Federated Architecture

According to (Hackney, 2000), federated data warehouse is an integration of multiple heterogeneous data marts, database staging or operational data store, combination of analytical application and reporting systems. The concept of federated focus on integrated framework to make data warehouse more reliable. (Jindal, 2004) conclude that federated data warehouse are a practical approach as it focus on higher reliability and provide excellent value.

(Thilini and Hugh, 2005) conclude that hub and spoke and centralized data warehouse architectures are similar. Hub and spoke is faster and easier to implement because no data mart are required. For centralized data warehouse architecture scored higher than hub and spoke as for urgency needs for relatively fast implementation approach.

In this work, it is very important to identify which data warehouse architecture that is robust and scalable in terms of building and deploying enterprise wide systems. (Laney, 2000), states that selection of appropriate data warehouse architecture must incorporate successful characteristic of various data warehouse model. It is evident that two data warehouse architecture prove to be popular as shown by (Thilini and Hugh, 2005), (Eckerson, 2003) and (Mailvaganam, 2007). First hub-and-spoke proposed by (Inmon, 1999) as it is a data warehouse with dependant data marts and secondly is the data mart bus architecture with dimensional data marts proposed by (Kimball, 1996). The selection of the new proposed model will use hub-and-spoke data warehouse architecture which can be used for MDDB modelling.

DATA WAREHOUSE EXTRACT, TRANSFORM, LOADING

Data warehouse architecture process begins with ETL process to ensure the data passes the quality threshold. According to Evin (2001), it is essential to have right dataset. ETL are an

important component in data warehouse environment to ensure dataset in the data warehouse are cleansed from various OLTP systems. ETLs are also responsible for running scheduled tasks that extract data from OLTP systems. Typically, a data warehouse is populated with historical information from within a particular organization (Bunger, Colby, Cole, McKenna, Mulagund, and Wilhite, 2001). The complete process descriptions of ETL are discussed.

Data warehouse database can be populated with a wide variety of data sources from different locations, thus collecting all the different dataset and storing it in one central location is an extremely challenging task (Calvanese, Giacomo, Lenzerini, Nardi, and Rosati, , 2001). However, ETL processes eliminate the complexity of data population via simplified process as depicts in figure 2.2. The ETL process begins with data extract from operational databases where data cleansing and scrubbing are done, to ensure all data’s are validated. Then it is transformed to meet the data warehouse standards before it is loaded into data warehouse.

(Zhou et al, 1995) states that during data integration process in data warehouse, ETL can assist in import and export of operational data between heterogeneous data sources using Object linking and embedding database (OLE-DB) based architecture where the data are transform to populate all validated data into data warehouse.

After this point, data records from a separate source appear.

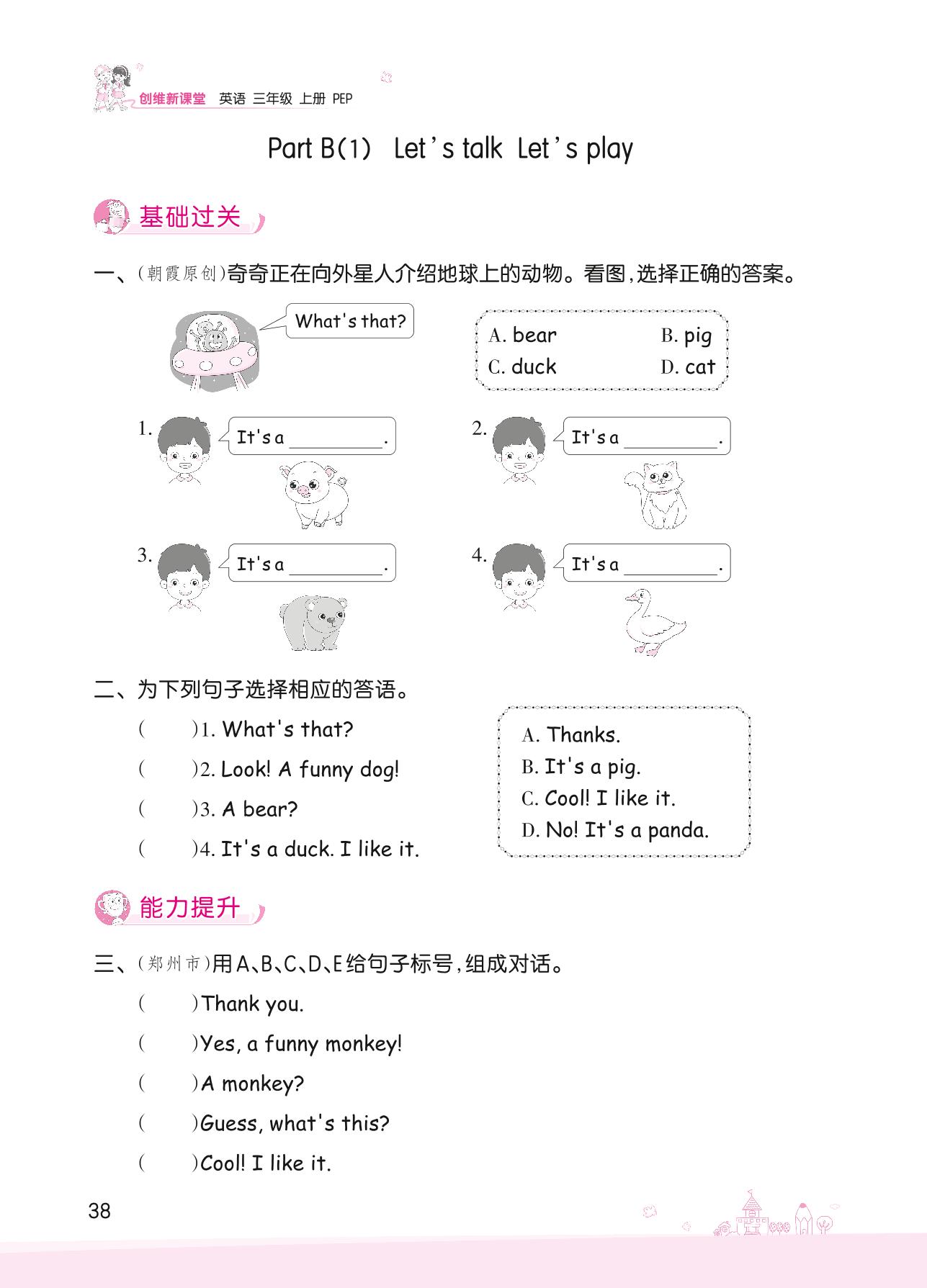 2022上册三年级英语人教PEP版 Unit 4—Part B(1) Let’s talk Let’s play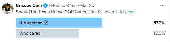 Yesterday, Harris County Republican Representative Briscoe Cain asked, “Should the Texas House GOP Caucus be dissolved?”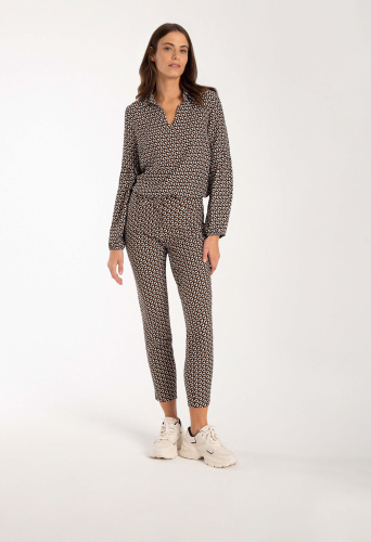 Свободная, струящаяся блузка из вискозы от MORE & MORE с графическим мини-рисунком черного/коричневого/белого цвета идеально сочетается с узкими брюками. Прямая, свободная форма, V-образный вырез с воротником рубашки, длинные рукава со сборками по швам и эластичными концами, графический мини-узор черного/коричневого/белого цвета. Длина по размеру 42 = 68см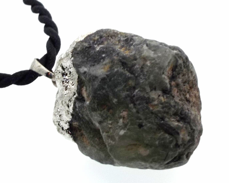 The Chrysoprase is Electroplated with silver coloured metal securely bonding it to the Crystal.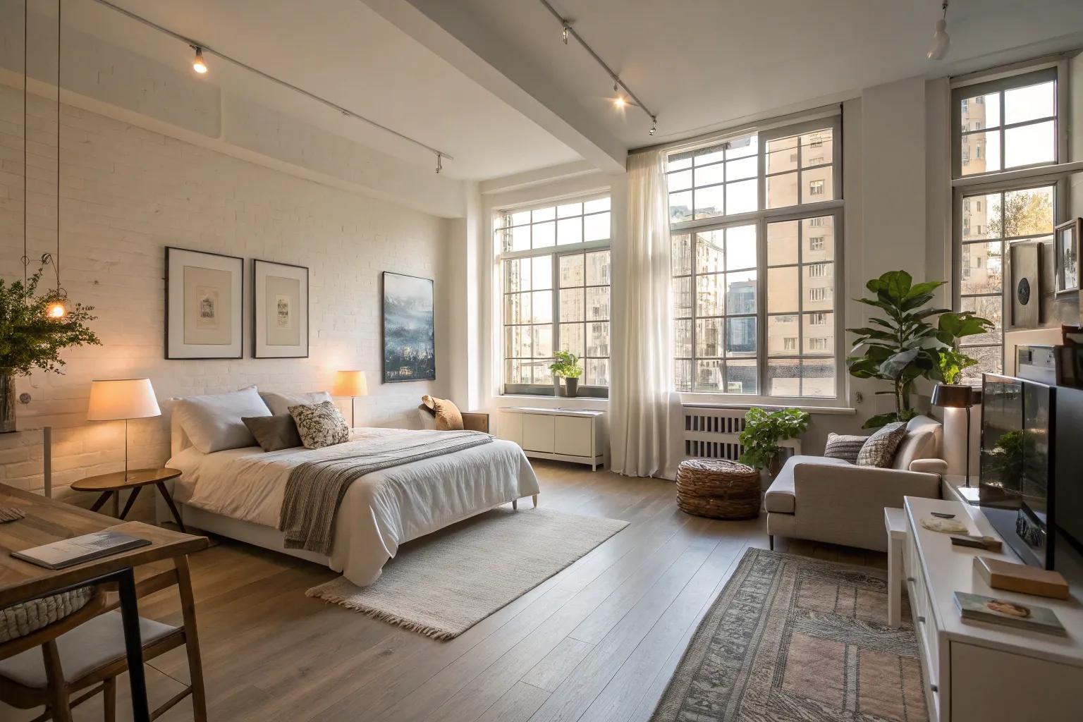 Strategically placed mirrors can make your studio appear larger. I often use this trick to enhance both natural light and perceived space. It’s an age-old technique, but still incredibly effective. I consider it a must-have for small spaces.

In (Kimball, 1996) data warehouse architecture as depicted in figure 2.3 focuses on three important modules, which is “the back room” “presentation server” and “the front room”. ETL processes is implemented in the back room process, where the data staging services in charge of gathering all source systems operational databases to perform extraction of data from source systems from different file format from different systems and platforms.

The

second step is to run the transformation process to ensure all inconsistency is removed to ensure data integrity. Finally, it is loaded into data marts. The ETL processes are commonly executed from a job control via scheduling task. The presentation server is the data warehouse where data marts are stored and process here. Data stored in star schema consist of dimension and fact tables. This is where data are then process of in the front room where it is access by query services such as reporting tools, desktop tools, OLAP and data mining tools.

Although ETL processes prove to be an essential component to ensure data integrity in data warehouse, the issue of complexity and scalability plays important role in deciding types of data warehouse architecture. One way to achieve a scalable, non-complex solution is to adopt a “hub-and-spoke” architecture for the ETL process. According to Evin (2001), ETL best operates in hub-and-spoke architecture because of its flexibility and efficiency. Centralized data warehouse design can influence the maintenance of full access control of ETL processes.

ETL processes in hub and spoke data warehouse architecture is recommended in (Inmon, 1999) and (Kimball, 1996). The hub is the data warehouse after processing data from operational database to staging database and the spoke(s) are the data marts for distributing data. Sherman, R (2005) state that hub-and-spoke approach uses one-to-many interfaces from data warehouse to many data marts. One-to-many are simpler to implement, cost effective in a long run and ensure consistent dimensions. Compared to many-to-many approach it is more complicated and costly.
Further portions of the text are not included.